A refundable payroll tax credit is available for the employer if: a) the employer had to fully or partially shut down; or b) gross receipts for the quarter declined by more than 50% when compared to the same quarter in the in the prior year. The credit is available for 50% of “qualified wages” paid from March 13, 2020 through December 31, 2020 (only the first $10,000 of wages per employee is counted for purposes of the credit).  Only wages to paid laid-off employees are treated as “qualified wages.” “Qualified sick leave wages” and “required paid family leave wages” are not eligible for the credit.  An employee’s share of health care benefits counts as “wages” for purposes of the credit. Small employers (100 or fewer employees) do not have to lay-off employees to claim the credit. The credit is not available if the employer receives a Paycheck Protection Program loan from the SBA.  The credit for a quarter expires once gross receipts exceed 80% of the comparable quarter of 2019. https://home.treasury.gov/index.php/news/press-releases/sm962

Finally, a cash flow deferral is available for the employer’s share of social security taxes (6.2%) from wages that were paid from March 27, 2020 through December 31, 2020. The provision requires that the deferred employment tax be paid back over the following two years, with half of the amount required to be paid by December 31, 2021 and the other half by December 31, 2022. Similar tax deferral benefits are offered to self-employed individuals. This deferral is not available if the employer receives a Paycheck Protection Program loan from the SBA and has a portion of the loan forgiven.

Strassburger McKenna Gutnick & Gefsky attorneys have thoroughly reviewed the Acts and provisions outlined in this summary. We are available to advise clients on the impact they may have on their businesses.
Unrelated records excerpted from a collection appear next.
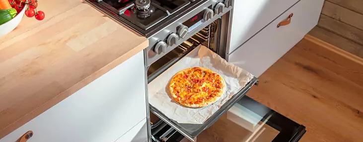 Vyvaľkajte cesto na čo najtenšiu placku, poriadne zakúrte v rúre, a vychutnajte si parádnu pizzu ako z vašej obľúbenej reštaurácie! Kúzlo prípravy pizze v domácich podmienkach tkvie v prvom rade v perfektne vyhriatej rúre. So špeciálnym programom Pizza vyšplhá teplota až na 300 ˚C, takže sa pizza pripraví rýchlo, cesto zostane mäkké a náplň bude čerstvá.
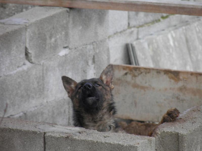 The SUZA association (the Alliance of Animal Protection Associations of the City of Zagreb) received a witness report on April 29, 2011 about a large number of dogs being kept on a location on Brestovacka cesta bb (about 300 meters from the tennis courts in Brestovacka 150) in highly inappropriate conditions. Based on the report, SUZA investigated the allegations from the report in said location on May 9, 2011, and discovered a large, 1,000 m2 fenced area, with several 1x1 m wire cages located inside the fence. The cages were found at two locations in the fenced area. Two dogs who could not even stand up straight, let alone move due to the inappropriate size of the cages were discovered in one group of the cages. No food or water bowls were discovered in the vicinity of the caged dogs. It was not possible to confirm whether there were any dogs in the second group of cages located on the other side of the fenced area without entering the area, so it was impossible to rule out the possibility of more dogs caged on the location. Beside the caged dogs, two Belgian Shepherd dogs on 2-2.5 m long chains were also discovered inside the fenced area. One of the dogs was chained to the fence, and the other dog was chained to a tree. The dogs were out in the open with no shelter or a dog house.
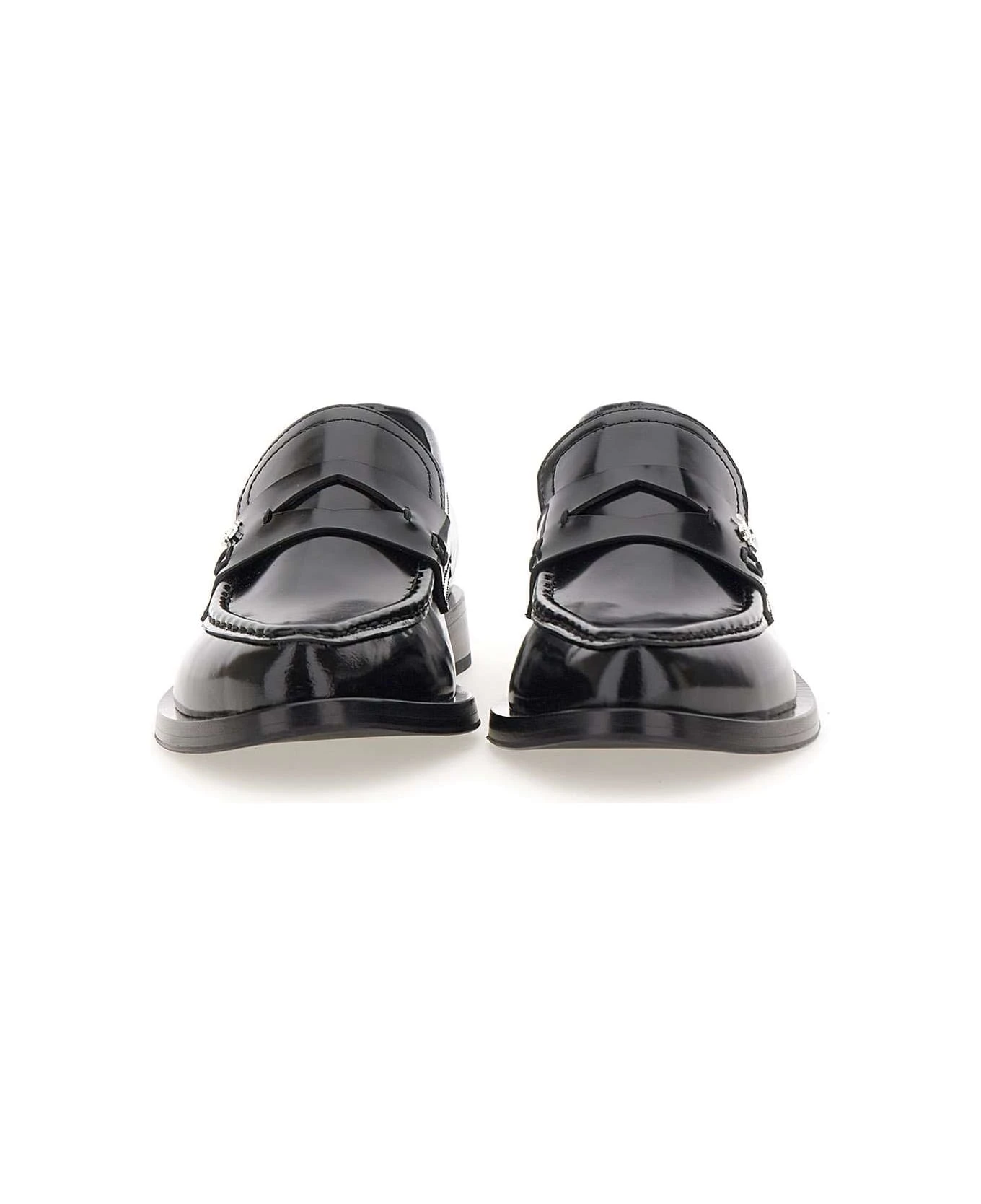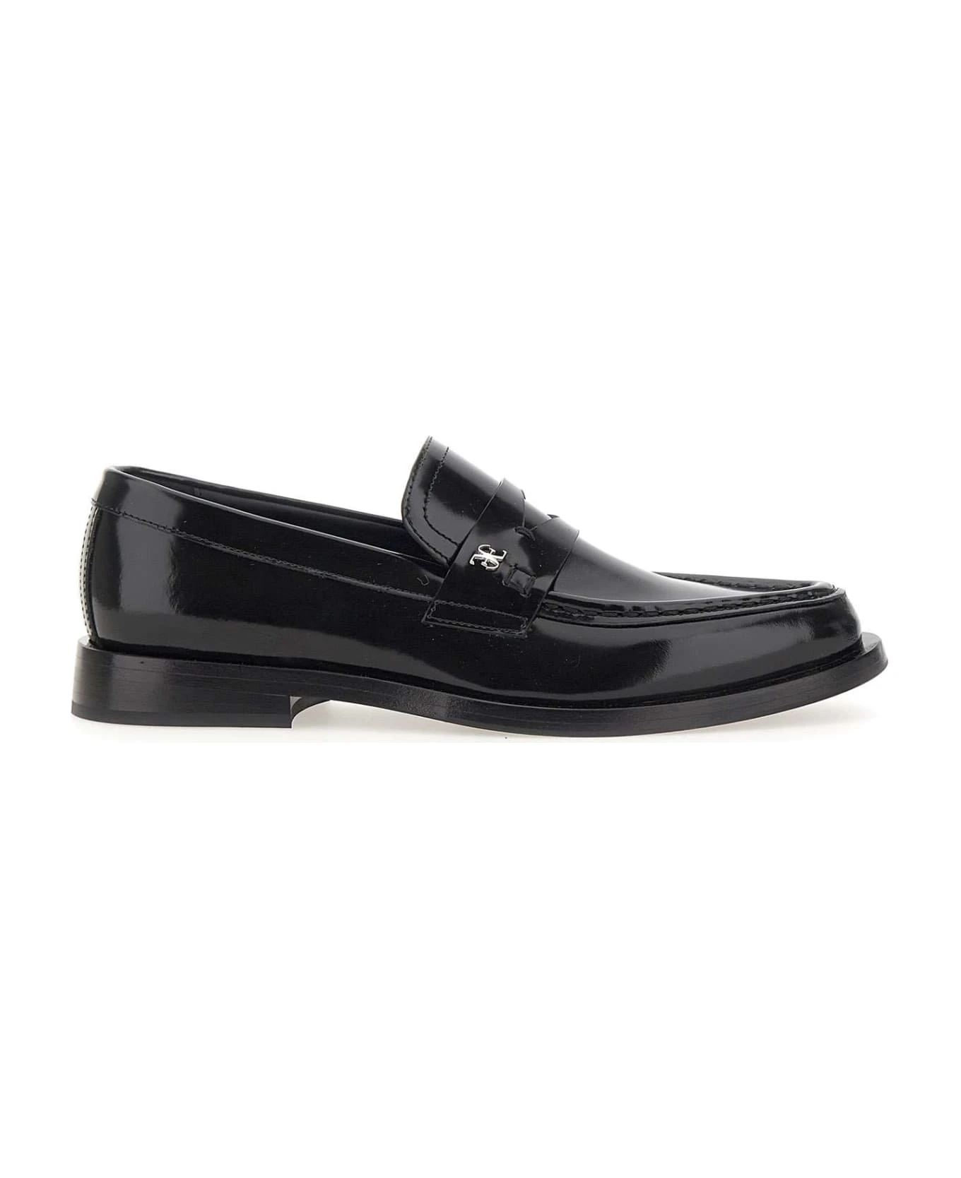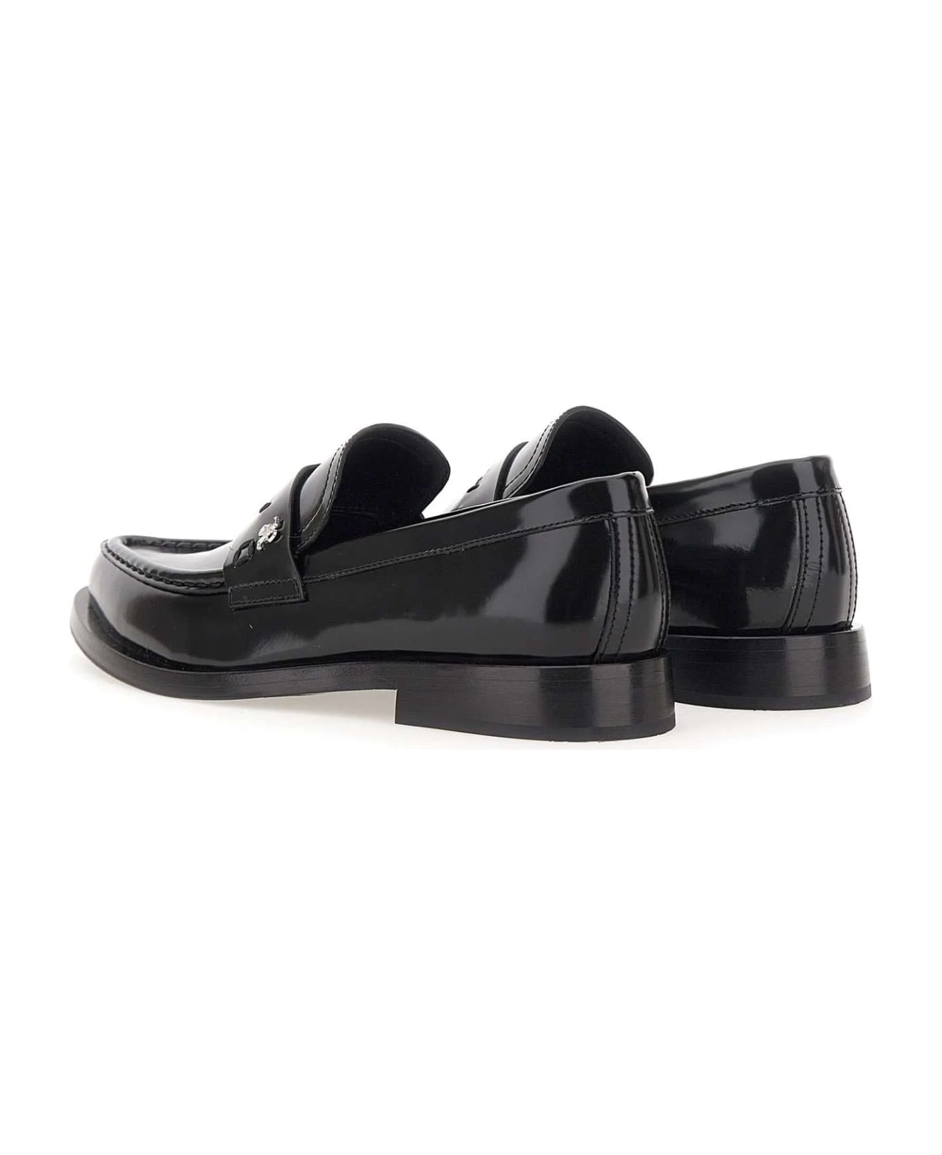 Fabi women’s “Cambridge Sport” calfskin moccasins, black colour, upper epaulette with mini silver metallic logo, visible handcrafted stitching, pointed, leather sole, 2cm heel height. Made in Italy.
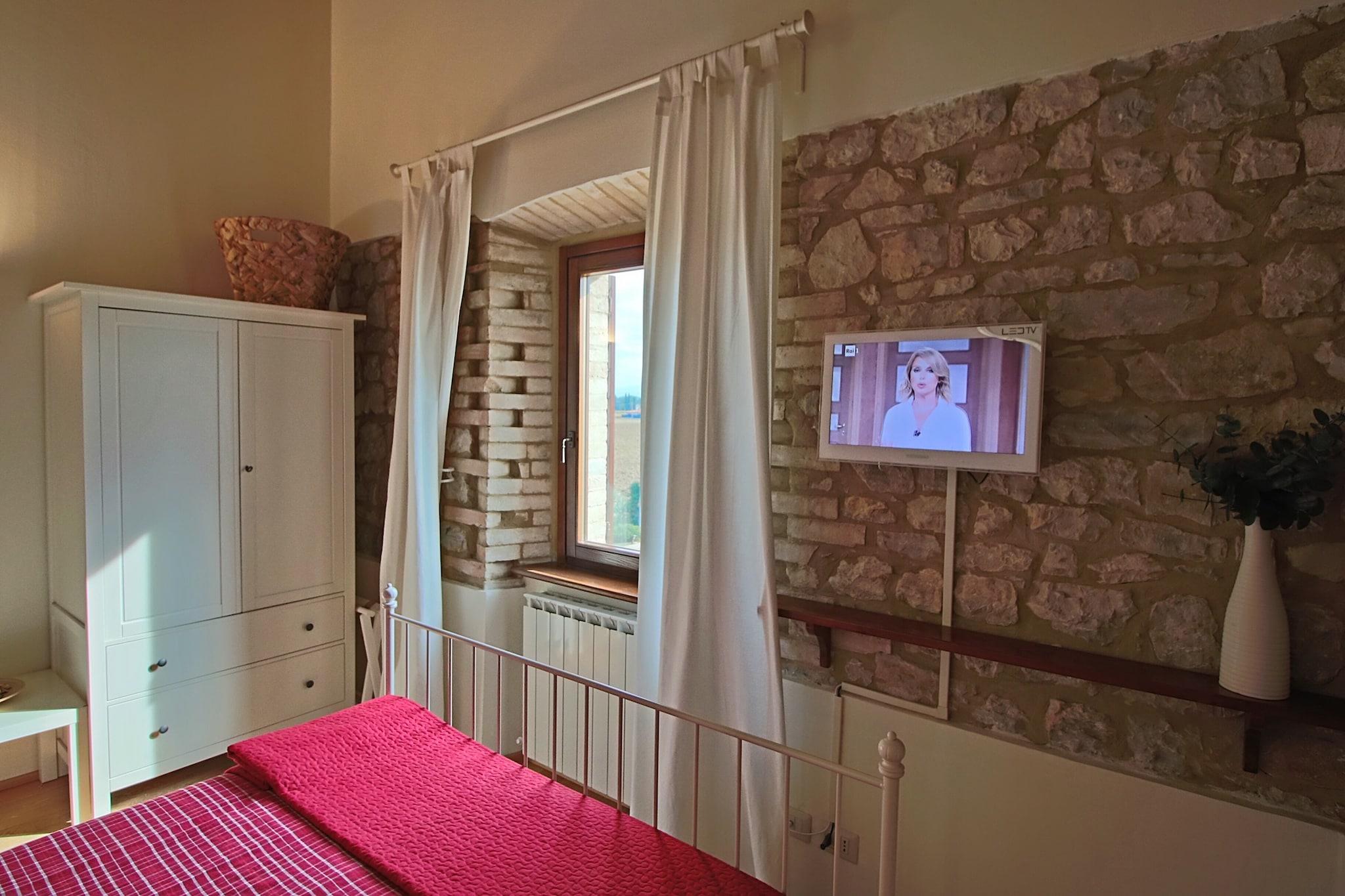Dette er et smukt restaureret gårdhus, som nu består af 5 lejligheder og en stor fælles have. Vælg friske grøntsager fra din egen have og lav en lækker middag! Ejeren vil give dig gode råd om de bedste restauranter og vingårde. Vejene i området er flade og meget praktiske på cykel. Disse er til leje på stedet. Gården ligger mellem Foligno (4 km) og Montefalco (9 km). Foligno er en livlig by med historiske bygninger, hyggelige butikker og mange restauranter. Foligno er også berømt for \ Giostra

For more specific information, please contact Pam Connelly at pconnelly@smgglaw.com, Jean Novak at jnovak@smgglaw.com  or Gerri Sperling at gsperling@smgglaw.com.

The summary above does not constitute legal advice. It is to be used for general informational purposes only. We fully expect that many of the provisions discussed above will be modified by future law changes and administrative guidance. You should refrain from acting on the basis of any content included in this alert without seeking legal or other professional advice.